Passari, who didn’t report the incident to the police until 10 months after it happened, suffered a grazed knee and hurt her shoulder as a result of her fall, according to her legal filing. Kyrgios apologized for his actions two days later when the two met at a Canberra cafe. Unknown to him at the time, that conversation was recorded by Passari. The two continued their relationship for some months before breaking up. 

Magistrate Beth Campbell has ruled in Kyrgios’ favour despite him owning up to his actions. In her verdict, Campbell said the seriousness of the matter was ‘low’ and the tennis star was not likely to re-offend again. 

“You acted in the heat of the moment,” she said.
“I am dealing with you in the same way I would deal with any young man in this court. You are a young man who happens to hit a tennis ball particularly well.”

During the hearing, evidence was heard from Kyrgios’ psychologist, Sam Borenstein, who said his mental health issues were ‘recurrent’ and he has suffered from thoughts of self-harm. Although Borestein says his condition has improved in recent times. Furthermore, Kyrgios’ lawyer, Michael Kukulies-Smith, said there was “a relationship between the mental health and the offending – even though he no longer suffers it to the same extent today.”
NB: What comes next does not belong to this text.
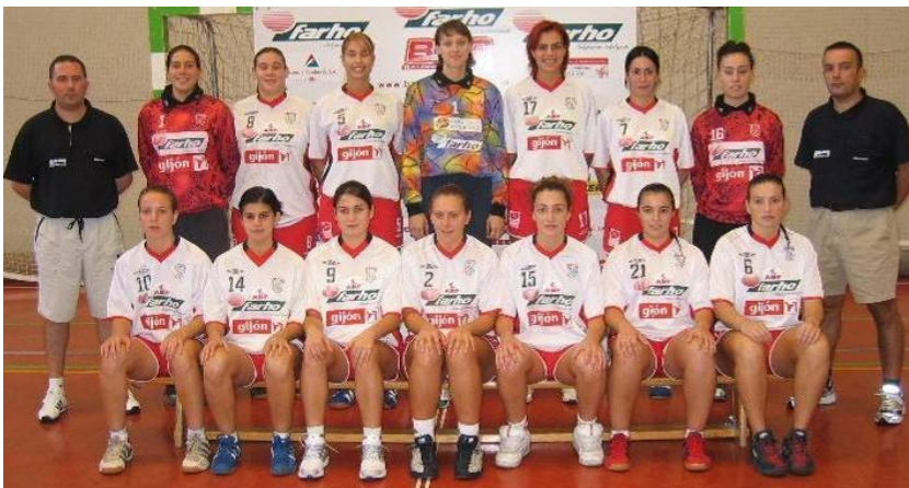
Equipo de División de Honor Femenina del Club Balonmano Gijón. Temporada 2004/2005

In a statement issued following the court’s decision, Kyrgios said he reacted ‘in a way he regretted’ and apologized for his actions. He went on to attribute what happened to his mental health condition at the time. 

“I respect today’s ruling and I am grateful to the court for dismissing the charges without conviction,” he said.
“I was not in a good place when this happened and I reacted to a difficult situation in a way I deeply regret. I know it wasn’t OK and I am sincerely sorry for the hurt I caused.
“Mental health is tough. Life can seem overwhelming. But I have found that getting help and working on myself has allowed me to feel better.”

Before his guilty plea, Kyrgios had argued that the charge should be dropped on the grounds of his mental health but that appeal was withdrawn when the court found that he is not currently suffering from a major depressive illness.